For most of my life, I felt slightly ashamed at my frugality. You know, if I held onto a piece of furniture that wasn't showroom-new, made a meal out of leftovers, or shopped for clothes at Goodwill, I was being "cheap" or "a packrat." I thought, this will do for now, but it's not as good as having everything brand new.
You've heard the comments. Most people don't brag about frugal acts, they confess them. "Sometimes I save tissue paper, iron it, and use it again," my aunt once said as she opened a gift bag. "Isn't that terrible?"
But glory hallelujah, in the last year or so we have this environmental surge that is bringing the sexy back to reusing stuff. Now when my husband throws out a bunch of clothes or coat hangers or whatnot and I rescue them from the trash, I can fall back on the Earth as an argument. As in, no, I'm not mentally ill, I just love the Earth! Don't you? Do you want Al Gore to be mad at you?
What used to be called being tight, a hoarder and a skinflint is now called reducing, recycling and reusing. And I love it.
I still hope I don't end up as one of those old ladies with plastic over every piece of furniture, keeping everything forever so I can be buried with all my money. But come on, washing out a few Ziploc bags is nothing compared to the life led by No Impact Man, who says he composts his own poop! And he's having a book published and a movie made about him.

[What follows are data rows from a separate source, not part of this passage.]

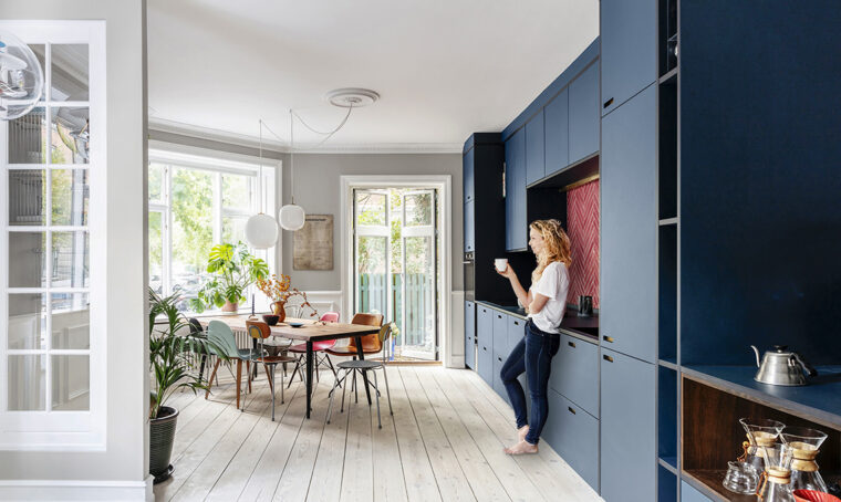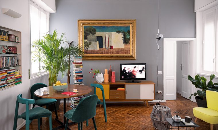 L'appartamento, dalla pianta a L, è stato rinnovato dai colori: il tono guida è il blu (con sfumature sul grigio e azzurro); per spezzarlo ci sono tocchi di rosso e giallo.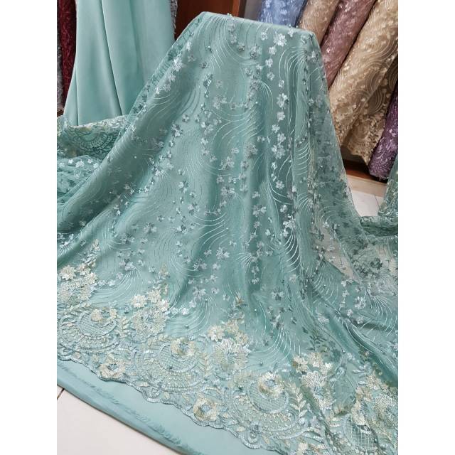 Jual kain renda mutiara/kain renda kebaya/brokat warna hijau toska - Kota Medan - elpirashop07 | Tokopedia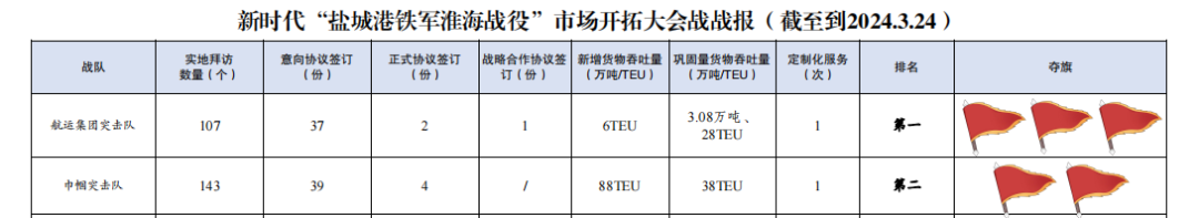 自新時(shí)代“鹽城港鐵軍淮海戰(zhàn)役”市場開拓大會(huì)戰(zhàn)開展以來,航運(yùn)集團(tuán)積極響應(yīng)鹽城港集團(tuán)黨委號(hào)召,成立航運(yùn)集團(tuán)突擊隊(duì)和巾幗突擊隊(duì),持續(xù)深化攬貨拓源,大力弘揚(yáng)“鐵軍精神”,成功實(shí)現(xiàn)市場開拓“新突破”,將定制化、兜底式服務(wù)推向了“新高度”。截至目前,累計(jì)拜訪客戶308家,簽訂意向協(xié)議97份,簽訂正式協(xié)議8份,實(shí)現(xiàn)新增營收超100萬元,集裝箱走量1008TEU。根據(jù)新時(shí)代“鹽城港鐵軍淮海戰(zhàn)役”指揮部第二期戰(zhàn)報(bào),航運(yùn)集團(tuán)包攬集體前兩名,個(gè)人前三名,全力打響“鹽城港鐵軍淮海戰(zhàn)役”市場開拓大會(huì)戰(zhàn)第一槍。

Making stock out of that chicken carcass and a bunch of the tough ends of broccoli stalks? You thought that was penny-pinchy of me? Obviously you have not heard about the freegans who are out there Dumpster diving for their supper. That's right. Eating food out of the garbage is now cool in some circles. If only George Costanza could see us now.
Deep down in my soul, I know when I take a Little Tikes toy from my neighbors' trash, I'm not doing it out of true environmental concern. Yeah, that's a bonus, but I'm really doing it because
a) I'm cheap -- that is, I'm not willing to sink into the tar pit of consumer debt but I still want my kids to have a little fun.
b) I just hate to see anything wasted. It offends my sensibilities the way an unkempt front yard might bother other, classier people.
I'm not above letting others believe I'm garbage picking out of environmental concern. After all, hotels can do it: They're always claiming that conserving water is the reason they don't want to wash our towels and sheets every day. Maybe if I practice acting like it long enough, I'll actually grow the nobility needed to really do things to save the Earth. Or at least become more believable than those hotel bathroom signs.
In the meantime, I'm just glad I get to save a buck now and then without lurking in the shadows. Then again, staying in these shadows does save me money on sunscreen.